That's literally anime


----------



## LambdaDelta (Mar 31, 2015)

you're both right

and both wrong


----------



## spCrossing (Mar 31, 2015)

LambdaDelta said:


> are you saying that they're graduating or leaving?



Both.

That's why all the good people don't show up here anymore.

- - - Post Merge - - -

Guys guys guys guys guys guys guys guys guys guys guys guys....

Can we all agree that Nichijou's hilarious as hell?


----------



## LambdaDelta (Mar 31, 2015)

spCrossing said:


> Can we all agree that Nichijou's hilarious as hell?



no, because all KyoAni crap is exactly that. crap

worst animators ever


----------



## spCrossing (Mar 31, 2015)

LambdaDelta said:


> no, because all KyoAni crap is exactly that. crap
> 
> worst animators ever



Aww...you're no fun. :/


----------



## Lady Timpani (Mar 31, 2015)

I've never seen Nichijou, but I'd like to. 

Also, I think OP was asking an innocent question and not expecting this thread to spiral out of control like this lol.


----------



## LambdaDelta (Mar 31, 2015)

spCrossing said:


> Aww...you're no fun. :/



its the truth

see here:


Spoiler


----------



## DarkDesertFox (Mar 31, 2015)

oath2order said:


> That's literally anime



Recent animes I've watched with little to no reference to sex/fan service: Death Parade, Tokyo Ghoul √A, Durarara!!x2, and Your Lie in April.
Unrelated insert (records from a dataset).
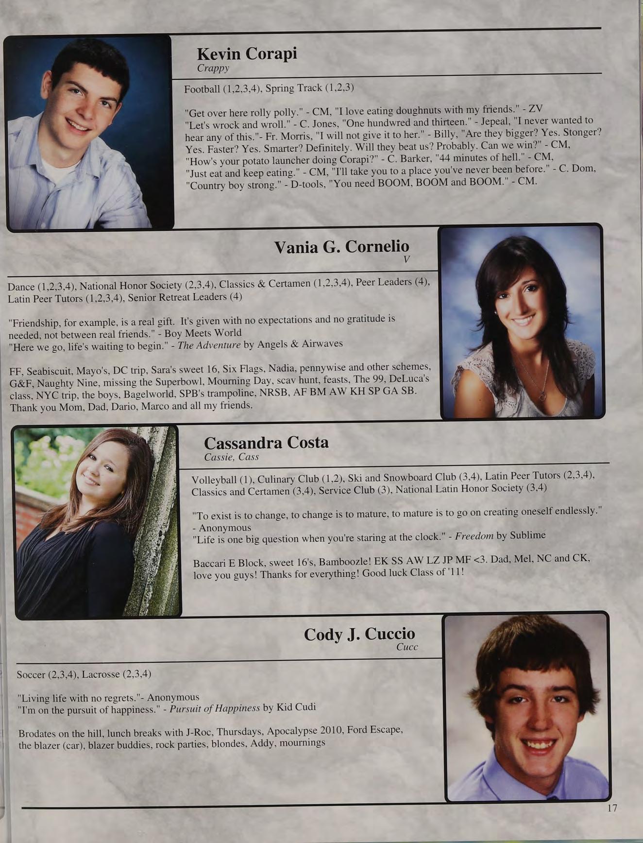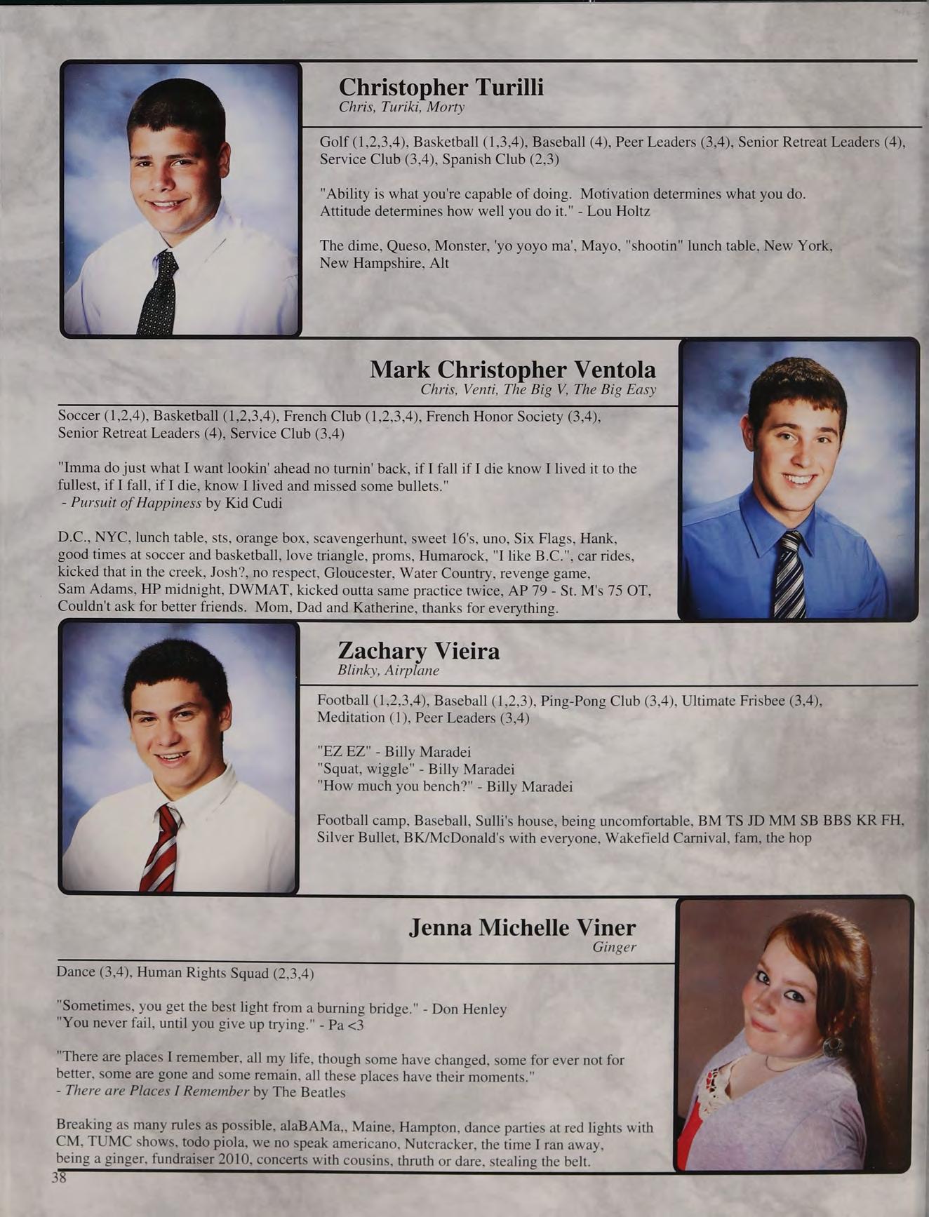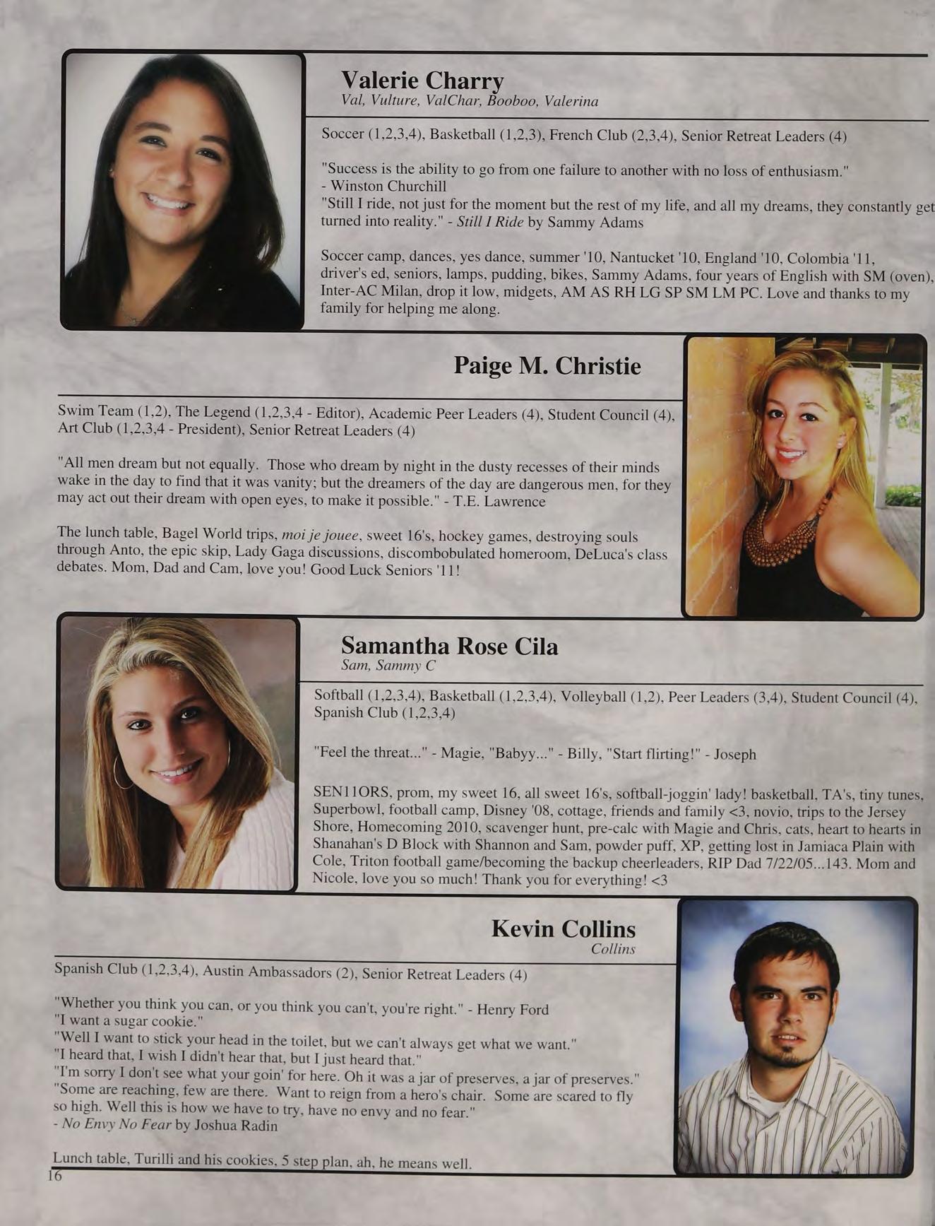 Val, Vulture, ValChar, Booboo, Valerina Soccer (1,2,3,4), Basketball (1,2,3), French Club (2,3,4), Senior Retreat Leaders (4)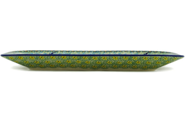 This Birds In The Sunset 14" Platter was handmade and hand decorated in Boleslawiec, Poland by skilled artisans according to old traditional methods. This is a Polish pottery Signature Unikat, which means that it has been hand painted with both sponges and brushes and it is signed by the artist who painted it. Unikat pieces are the most intricate works of art. Larger Unikat items take hours of very careful work to finish. This Polish stoneware is microwave, dishwasher, freezer, and oven safe up to 480°F. It does not contain lead or cadmium. It is part of the Birds In The Sunset Collection.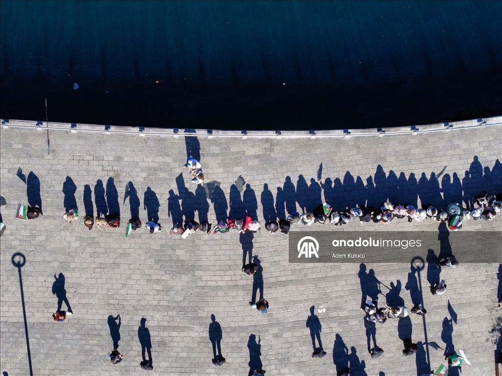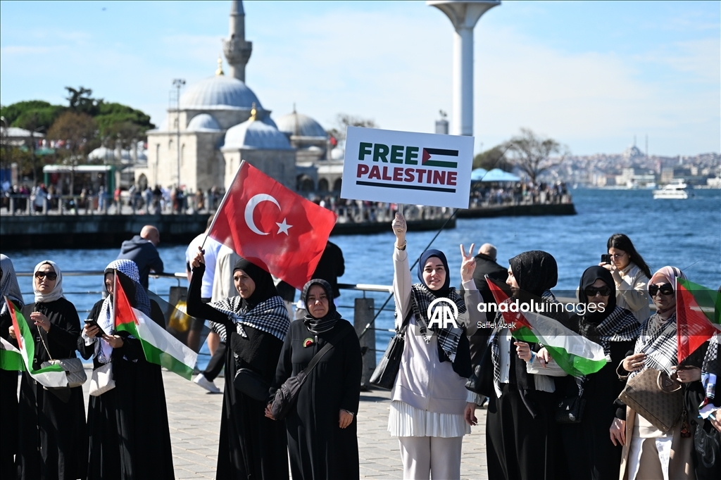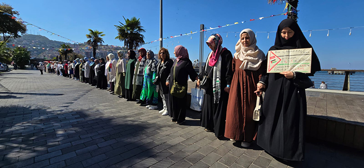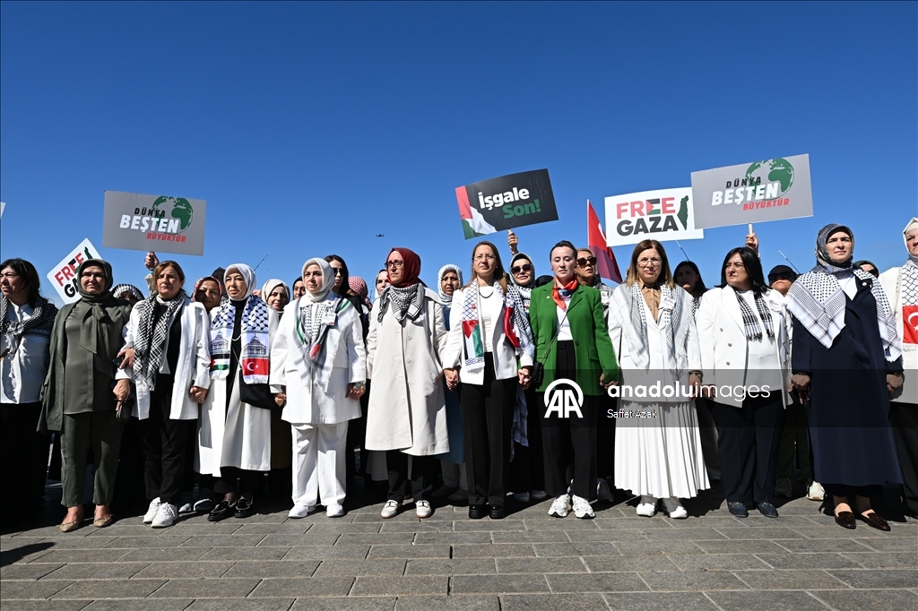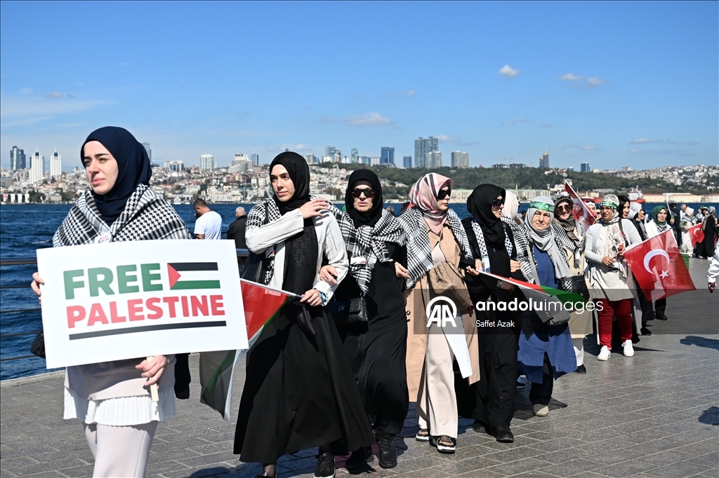 Üsküdar Sahili'nde bir araya gelen kadınlar, ellerinde Türk ve Filistin bayrakları ile çeşitli pankartlar taşıyarak Gazze'de yaşananları protesto etti. Sahil boyunca el ele tutuşan kadınlar, yüzlerce metrelik zincir oluşturdu ve İstanbul Boğazı'na karanfil bıraktı.

The violence has been pretty chill though with recent animes. I'm a chicken when it comes to graphic violence and have to cover my eyes, but there haven't really been that many animes that have made me do that. I used to watch Gotham, but the violence became too extreme to the point I had to drop it. I tried getting into The Walking Dead, but same thing.


----------



## LambdaDelta (Mar 31, 2015)

Evangelion is the best fanservice anime

because it always promises fanservice and always delivers on that promise

even though its normally not the type of fanservice you're expecting


----------



## kassie (Mar 31, 2015)

DarkDesertFox said:


> TV shows are nothing but violence and sex jokes. It worries me how so many people are draw in by the over the top realistic violence they show.





oath2order said:


> That's literally anime



That's literally anime _and_ TV shows. In my opinion, you're going to find violence and sex jokes pretty much anywhere you look. Does that mean all anime and TV shows are like that? No.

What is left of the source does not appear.